Рахиль Абрамовна – Этому конец будет, Вы думаете?
Анна – Вот Тихвин отбили, по Ладоге, говорят, продукты везут.
Рахиль Абрамовна – Такой город можно прокормить по одной единственной дорожке? Скажите! Так я думаю, что нет! Столько ртов!
Анна – Знаете что, Рахиль Абрамовна? Давайте всё-таки устроим праздник. Натопим здесь плиту, позовём всех, кто дома. Кстати, Лия придёт?
Рахиль Абрамовна – Нет, дежурит. Бедная девочка после смерти Вадима совсем ушла в себя. Почти не разговаривает дома. Мы с Соломоном и не догадывались. Вы скажите, все родители такие слепые да глухие?
Анна – Пожалуй, да. Так будем встречать Новый год?
Рахиль Абрамовна – А чем будем угощать, Вы можете сказать?
Анна – Каждый принесёт, что найдёт у себя. Нам вот на работе спирт дали, ректификат. Обычно его применяют для промывки точных приборов в Арктике. Разведём и отметим!
Рахиль Абрамовна – Что Вы говорите?! Вы же на этот спирт такое на рынке можете получить, такое! Вообщем, что захотите!
Анна – Нет, я уж решила: встретить Новый год всем вместе!

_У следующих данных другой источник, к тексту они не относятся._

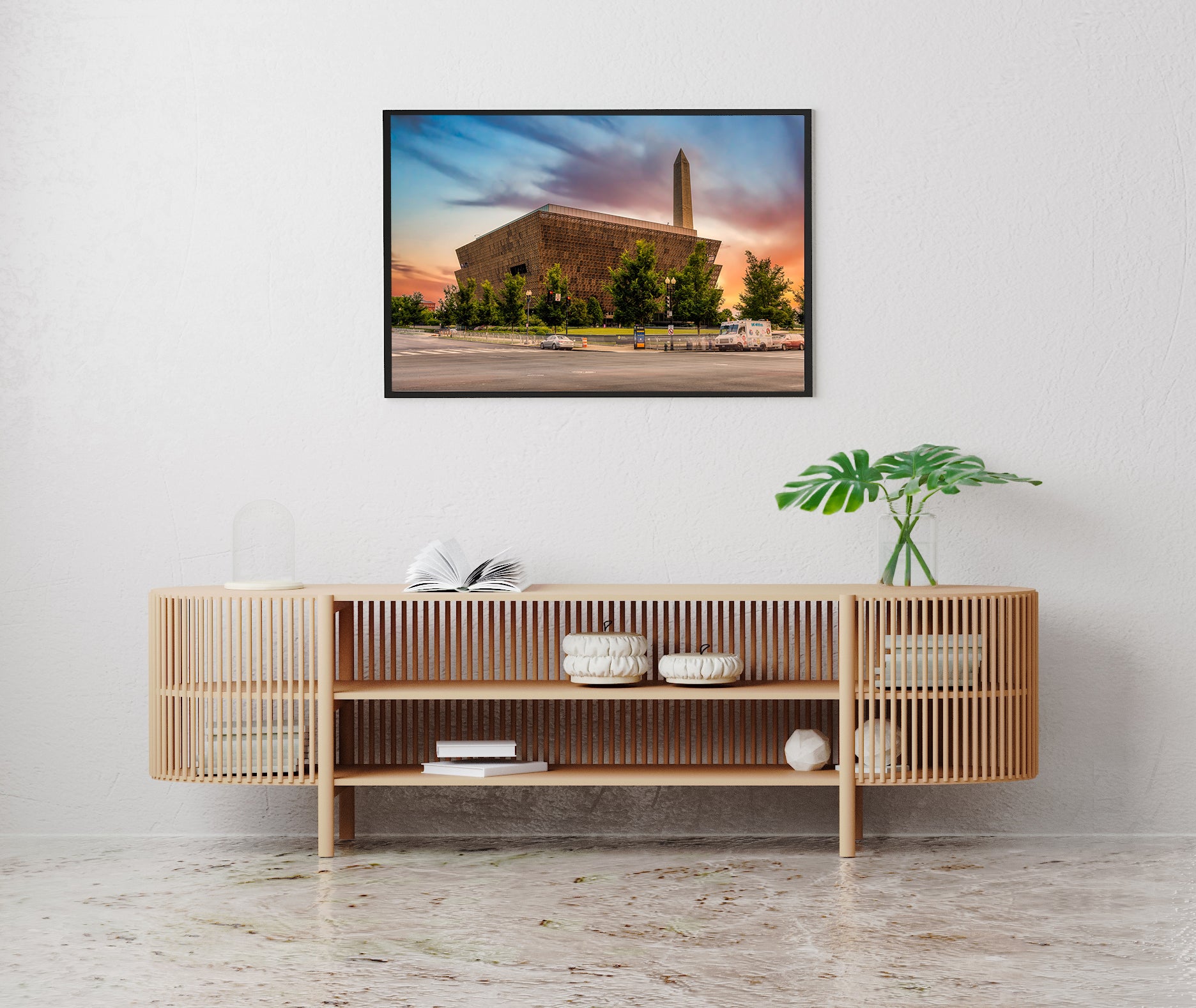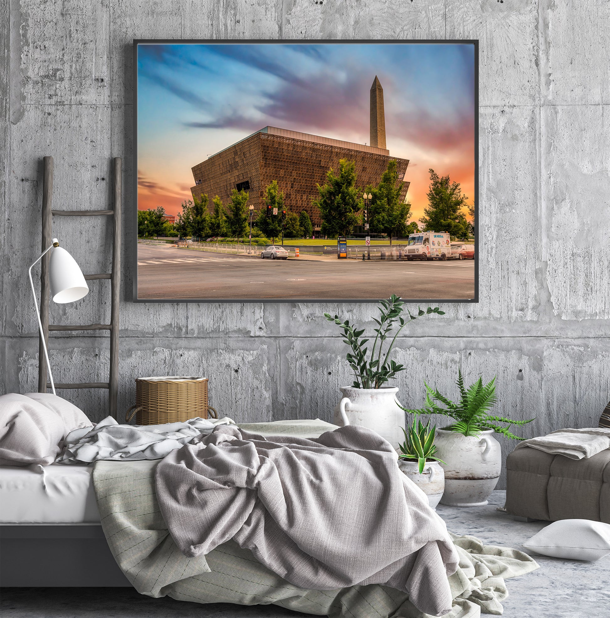 As the sun dips toward the horizon, the National Museum of African American History and Culture is transformed into something truly magnetic. The building's iconic three-tiered bronze corona, inspired by the Yoruban column and the craftsmanship of enslaved ironworkers, catches the warm amber and copper tones of the fading sky, radiating a glow that feels almost ceremonial. Silhouetted against a canvas of rich, saturated color, this landmark on the National Mall stands as both a monument and a masterpiece.

Там же через несколько часов. Соломон Исаакович топит плиту, подкладывая старые газеты, бумагу, щепки. На плите попыхивают чайники и кастрюля. Горят несколько свечей. По-видимому, в кухне тепло, Анна и Рахиль Абрамовна в платьях снуют около сдвинутых столов, накрытых скатертью, размещают посуду и угощения. Входят Ольга и Толя с большим листом бумаги.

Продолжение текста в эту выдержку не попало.